▶ [Work required]: Return only those lines of the listing that hold the word "fuel".

Segment Open

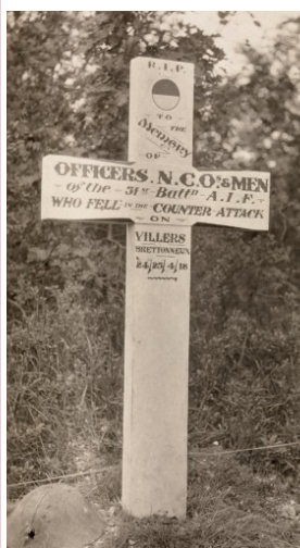
51st Battalion Memorial Cross erected on the battlefield of Villers-Bretonneux in 1918

The Sunset Services will allow those unable to attend the ANZAC Day Dawn Service to pay their respects and remember those who served Australia with courage and dignity.
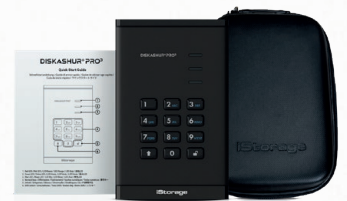
diskAshur PRO 3 portable HDD/SSD, Carry Case and Quick Start Guide
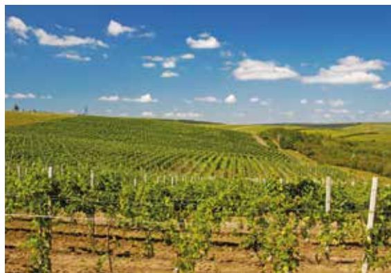
Vineyards of Cricova
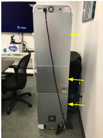
Back Panel Edges

All of the Bevi Standup 2.0 chassis and hardware have been milled to avoid sharp edges, however when handling components or accessing certain areas of the Bevi that have any edge could cause a scrape or even a cut. The following areas should be noted so that extra care and precautions can be taken to avoid a problem
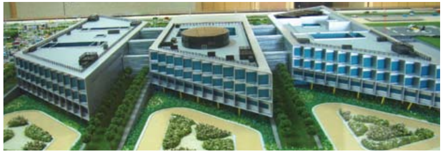
Model of King Hamad General Hospital.
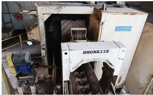
1991 VALON KONE MKV-35C 35" 6-ARM RING DEBARKER
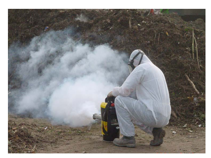
Fig 8: Thermal fogging at a green waste composting site

Some insecticides are approved for use as space sprays, where the liquid insecticide is atomised into very fine droplets that drift in the air and contact flying insects directly.
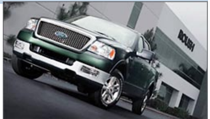
Roush is taking orders for a September 2007 delivery of the LPG Ford F-150, which comes in two fuel-tank options.

Based on survey responses from potential purchasers, Roush is offering two fuel-tank options in the LPG F-150s: a 22-usable-gallon tank and a 50-usable-gallon tank. The vehicles are available in all variations of the F-150. Ford provides the vehicles near the end of its assembly line; Roush makes the necessary installations
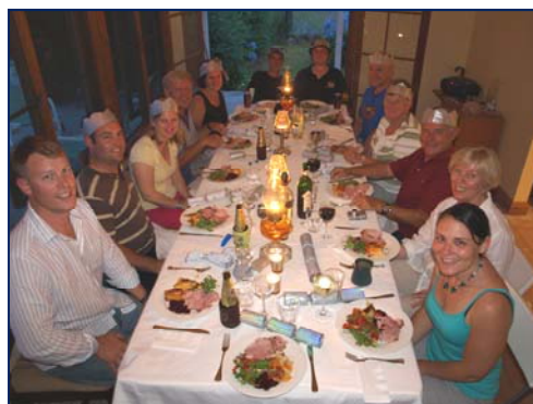
Christmas dinner with our family

For us, we spent two relaxing weeks at the farm with our families. Not surprisingly we ate and drank more than we probably should have, but a good time was had by all. We had some of the younger members of our extended family join us as well, and they thoroughly enjoyed getting their hands dirty around the farm.

Segment Closed

▶ [Exercise solution]:
Roush is taking orders for a September 2007 delivery of the LPG Ford F-150, which comes in two fuel-tank options.
Based on survey responses from potential purchasers, Roush is offering two fuel-tank options in the LPG F-150s: a 22-usable-gallon tank and a 50-usable-gallon tank. The vehicles are available in all variations of the F-150. Ford provides the vehicles near the end of its assembly line; Roush makes the necessary installations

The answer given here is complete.